Hey guys, just finished this one up for a client in Michigan, thought you might enjoy it.
1961 Schwinn Cycle Truck I picked up on the 127 sale..gave it a contemporary style makeover with Black and Tan accents and gold Pinstriping and lettering Brooks saddle and grips..whatcha think??


























Here’s the before:


----------



## stezell (Sep 2, 2018)

Looking good Andrew, Tricia and I went to Mackinac Island last month.


----------



## REC (Sep 2, 2018)

Nice!
I believe this is not a '51 for several reasons. The first is the before photo showing the little white oval (60's type) headbadge, and a '51 would have a diagonal grace to the rear of the headtube.

LOVE the signplate!
REC


----------



## Walter Powell (Sep 2, 2018)

Kinda like the original version best.


----------



## azbustedvw (Sep 2, 2018)

Beautiful! Really like the contrasting colors! I went back and put a two speed kick back on mine in order to get anywhere it was necessary due to the very low gearing... Well done!!!


----------



## Smoopy's (Sep 2, 2018)

Walter Powell said:


> Kinda like the original version best.



Our client prefers the updated version better..


----------



## fattyre (Sep 4, 2018)

I think it looks nice.   Not to sure about the cream chainring though,  thats going to be pretty ugly in a year or two if this get ridden allot.


----------



## vincev (Sep 4, 2018)

I am really liking the bike.I do wonder how the paint on the chainring will hold up.


----------



## Sprockets (Sep 4, 2018)

Looks fantastic Smoopy!


----------



## Smoopy's (Sep 4, 2018)

vincev said:


> I am really liking the bike.I do wonder how the paint on the chainring will hold up.

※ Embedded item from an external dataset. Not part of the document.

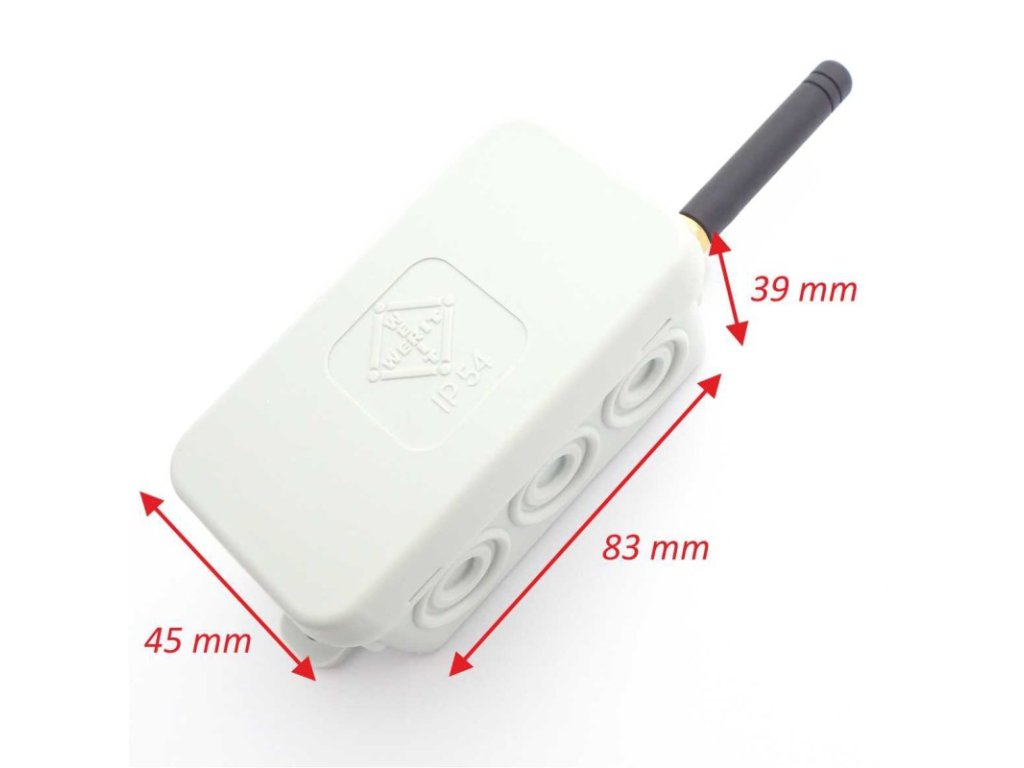 Ovládání zařízení mobilním telefonem. Je vybaven relé 250 V / 8 A.

It’s actually powdercoat so should hold up well..it won’t be ridden much so no real reason to worry..thanks for the comp!!


----------



## Smoopy's (Sep 4, 2018)

Sprockets said:


> Looks fantastic Smoopy!



Thanks bud..


----------



## Sven (Sep 6, 2018)

Another fine project, sir !
Powdercoat is virtually bullet proof. I've scene sprockets on Harleys (pre belt drive) last for years. Granted the teeth get a little worn down, but  it doesn't effect the rest of it.


----------